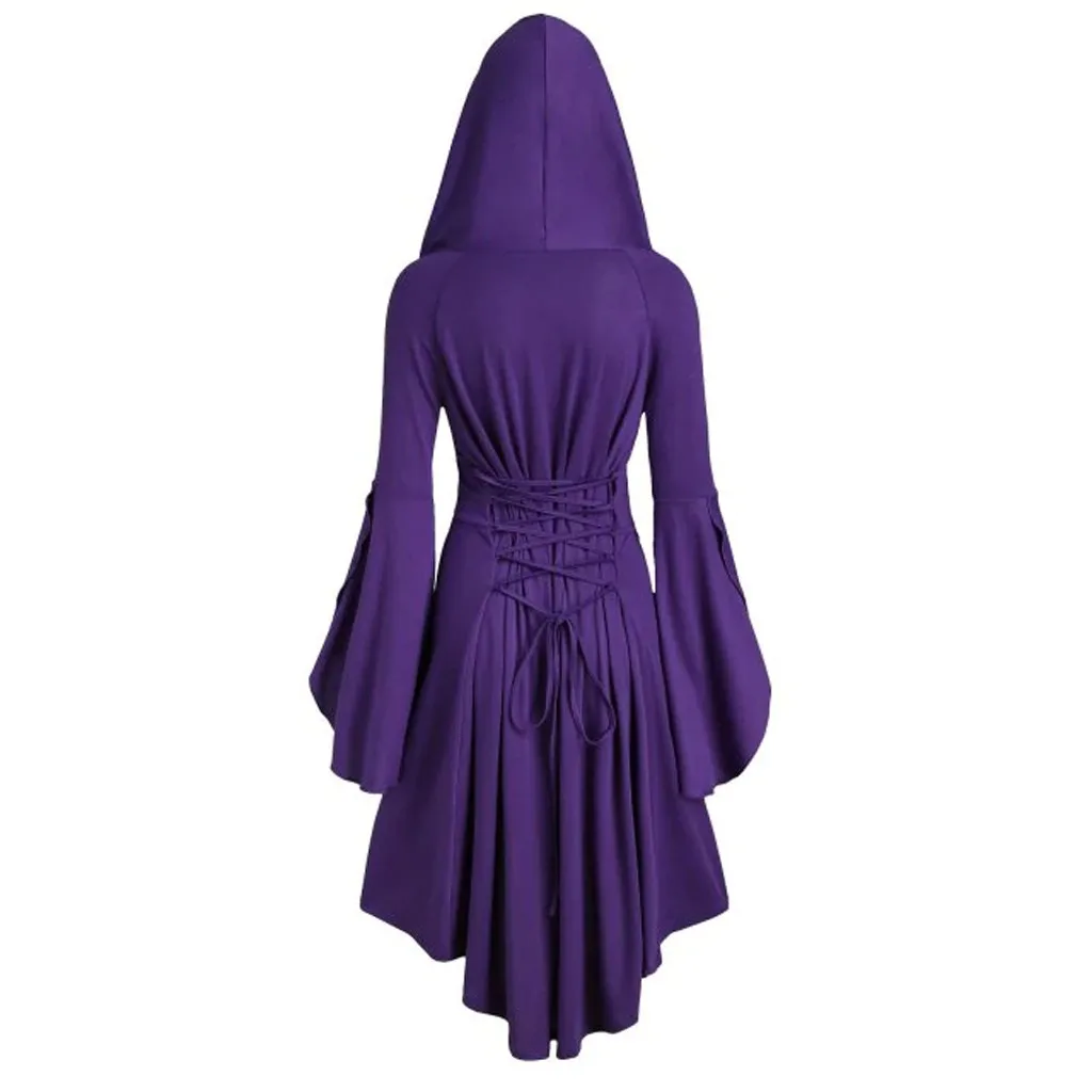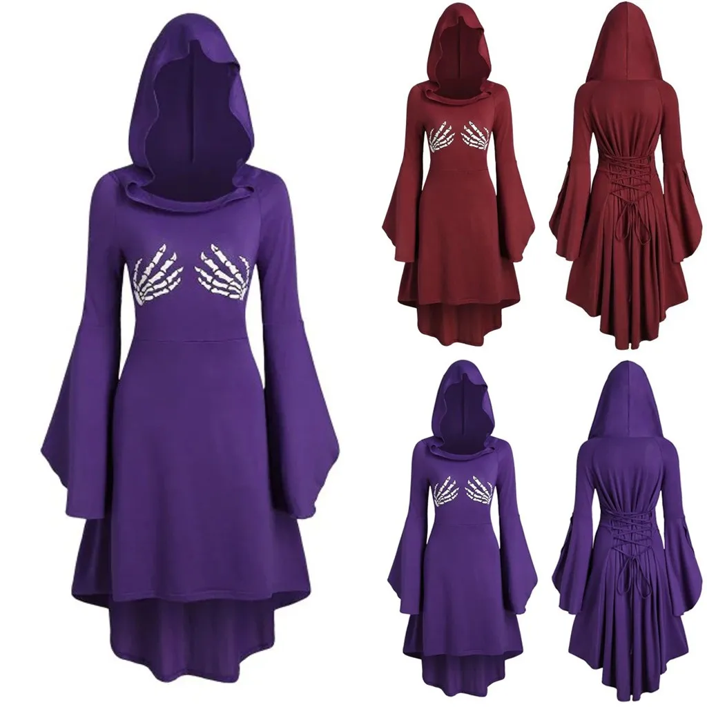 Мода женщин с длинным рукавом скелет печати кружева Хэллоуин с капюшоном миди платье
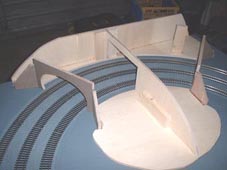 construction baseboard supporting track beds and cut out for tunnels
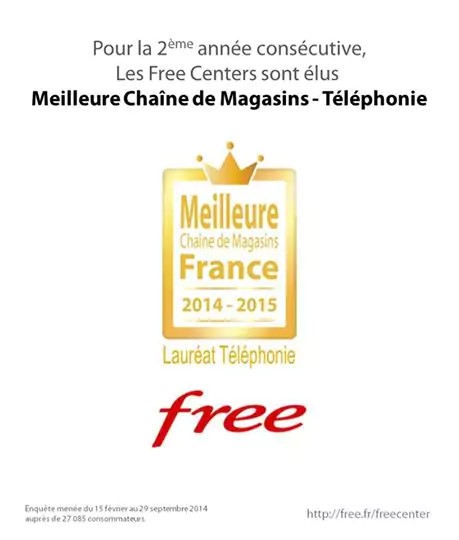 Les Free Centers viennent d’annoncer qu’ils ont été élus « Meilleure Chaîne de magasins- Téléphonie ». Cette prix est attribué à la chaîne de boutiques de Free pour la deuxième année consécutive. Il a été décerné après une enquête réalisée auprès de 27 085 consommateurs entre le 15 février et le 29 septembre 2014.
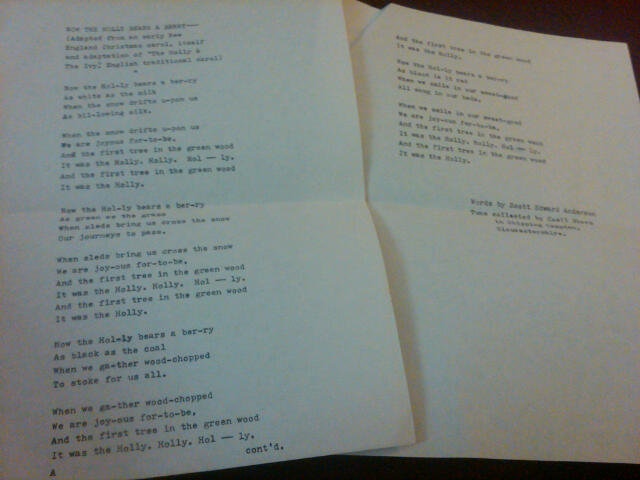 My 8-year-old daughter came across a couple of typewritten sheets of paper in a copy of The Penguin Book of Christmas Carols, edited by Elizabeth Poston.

=== WHAT YOU ARE ASKED TO DO ===
Take the line with "construction baseboard supporting" and every line after it through the end of the data, and write only them out exactly, leaving out the pictures.

=== RESPONSE AREA ===
 construction baseboard supporting track beds and cut out for tunnels
 Les Free Centers viennent d’annoncer qu’ils ont été élus « Meilleure Chaîne de magasins- Téléphonie ». Cette prix est attribué à la chaîne de boutiques de Free pour la deuxième année consécutive. Il a été décerné après une enquête réalisée auprès de 27 085 consommateurs entre le 15 février et le 29 septembre 2014.
 My 8-year-old daughter came across a couple of typewritten sheets of paper in a copy of The Penguin Book of Christmas Carols, edited by Elizabeth Poston.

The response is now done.